Hacienda Pilas is located in the West Central Valley, one of Costa Rica’s eight main growing regions. The farm was able to recruit enough Costa Rican pickers due to the increased number of people finding themselves out of work.

“Many people from Costa Rica have become unemployed due to the pandemic, so they’d come to pick coffee. This year, I’ve had pickers who never picked coffee before, so when they arrived at Hacienda Pilas, they realised it wasn’t as easy as they thought,” Pacheco says.

“I don’t think COVID will end in 2021, so we will face many of the same challenges in 2021.”

Another ongoing concern of Costa Rican producers is climate change. Pacheco says there is a need for producers to make their agricultural systems more resilient to longer dry seasons, warmer climates, and problems with pests while reducing chemical usage.

“When I joined Hacienda Pilas, we only grew Catuai, but now with diseases like leaf rust and larger dry seasons, we need to keep changing and planting new varieties that keep good qualities and are robust against new challenges,” he says.

Max Gurdián says there is also a growing international demand for coffee that is sustainable and organic.

“Over the last few years, more roasters want products that guarantee they are pesticide-free. That’s a big challenge, because many farmers cannot be completely organic while maintaining the same volume of production,” Gurdián says.

“In our case, we have to work together with farmers to find solutions to produce quality, quantity, and in a safe way.”

He adds that while COVID has impacted demand for the more expensive coffees, like those Costa Rica tends to produce, the country’s reputation has helped it stay afloat.

“When people cut budgets, they start with the ‘fancy’ ingredients, and that’s where Costa Rica sits. Selling the harvest this year was a big challenge for us as exporters,” Gurdián says.
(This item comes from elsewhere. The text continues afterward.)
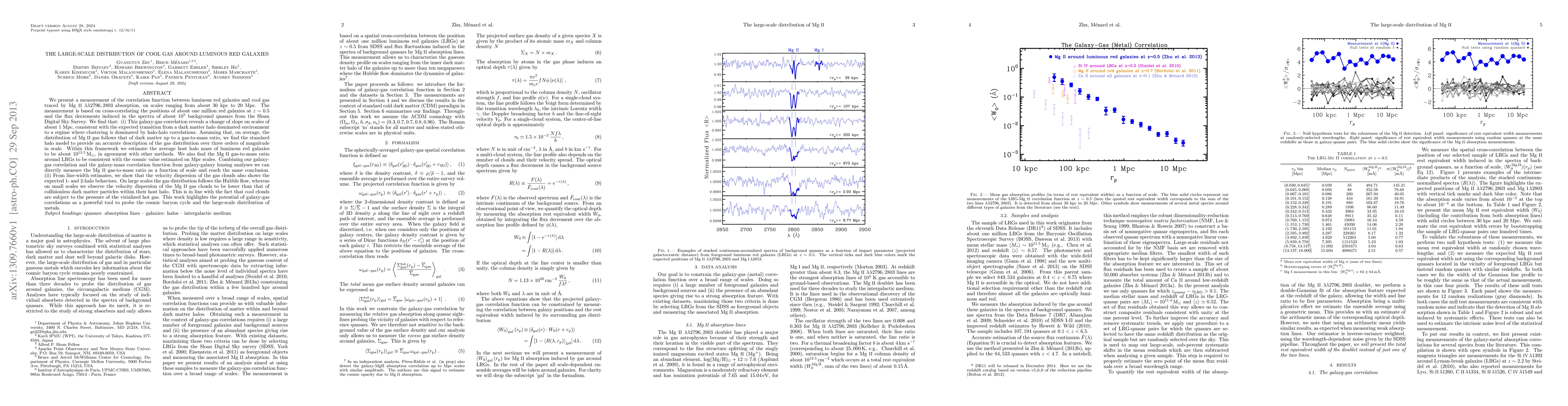 We present a measurement of the correlation function between luminous red galaxies and cool gas traced by Mg II \lambda \lambda 2796, 2803 absorption, on scales ranging from about 30 kpc to 20 Mpc. The measurement is based on cross-correlating the positions of about one million red galaxies at z~0.5 and the flux decrements induced in the spectra of about 10^5 background quasars from the Sloan Digital Sky Survey. We find that: (i) This galaxy-gas correlation reveals a change of slope on scales of about 1 Mpc, consistent with the expected transition from a dark matter halo dominated environment to a regime where clustering is dominated by halo-halo correlations. Assuming that, on average, the distribution of Mg II gas follows that of dark matter up to a gas-to-mass ratio, we find the standard halo model to provide an accurate description of the gas distribution over three orders of magnitude in scale. Within this framework we estimate the average host halo mass of luminous red galaxies to be about 10^{13.5} M_solar, in agreement with other methods. We also find the Mg II gas-to-mass ratio around LRGs to be consistent with the cosmic value estimated on Mpc scales. Combining our galaxy-gas correlation and the galaxy-mass correlation function from galaxy-galaxy lensing analyses we can directly measure the Mg II gas-to-mass ratio as a function of scale and reach the same conclusion. (ii) From line-width estimates, we show that the velocity dispersion of the gas clouds also shows the expected 1- and 2-halo behaviors. On large scales the gas distribution follows the Hubble flow, whereas on small scales we observe the velocity dispersion of the Mg II gas clouds to be lower than that of collisionless dark matter particles within their host halo. This is in line with the fact that cool clouds are subject to the pressure of the virialized hot gas.

“At the same time, many of our Costa Rican customers want Costa Rica in their blends or single origins, and they’re very loyal to us.”

Greater appreciation
Difficulty in selling or exporting coffee may have also strengthened ties between the country’s producers and roasters. At almost four kilograms per capita, Costa Rica is the second largest consumer of coffee of all producing countries, behind only Brazil.

Usually, this means the country’s roasters are required to import coffee from Nicaragua and Honduras to meet demand, while Costa Rica’s highest quality coffees are sent overseas for a higher price. SCACR’s Villalobos says coffee is ingrained in Costa Rican culture.
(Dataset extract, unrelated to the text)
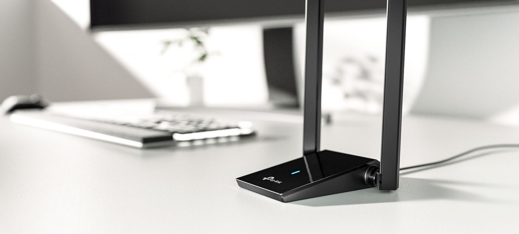 Потужний USB-адаптер Wi-Fi 6 з двома антенами з високим посиленням забезпечує швидкість до 1800 Мбіт/с (1201 Мбіт/с на 5 ГГц і 574 Мбіт/с на 2,4 ГГц). Завдяки технологіям MU-MIMO та OFDMA адаптер знижує затримку та стабілізує з’єднання навіть у навантажених мережах.

“Many people grew up in between coffee plantations – our school year is even based around the harvest cycle,” Villalobos says.

“Part of what the SCACR does now is run courses for baristas, roasters, coffee cuppers, or for people that just love coffee. Now, a specialty coffee community has grown and you can find a lot of coffee shops in San José and other cities, as well as a lot of coffee schools.”

Villalobos says ICAFE is utilising the connectivity of the Costa Rican coffee community with the development of an app that will provide a traceable view of the supply chain to both producers and consumers.

“We have eight growing regions with a lot of different microclimates that create different flavour profiles. But to me, the added value of Costa Rican coffee is the added value of ensuring the producer is getting a fair price,” Villalobos says.

“ICAFE’s traceability and sustainability statement Collects and transparently communicates strategic information along the coffee value chain of Café de Costa Rica, to achieve a greater sustainability for the entire coffee sector.”

Gurdián agrees Costa Rican coffee has a flavour unique to its terroir, however, this is not what separates it from other on the market.

“As an exporter, I cup coffee every day, from every place around the world, and there are many good coffees that are unique to the area where they are produced. What makes Costa Rica really good is the consistency of its quality,” Gurdián says.

“If someone buys coffee from Costa Rica, we are able to reliably deliver the same quality every year.”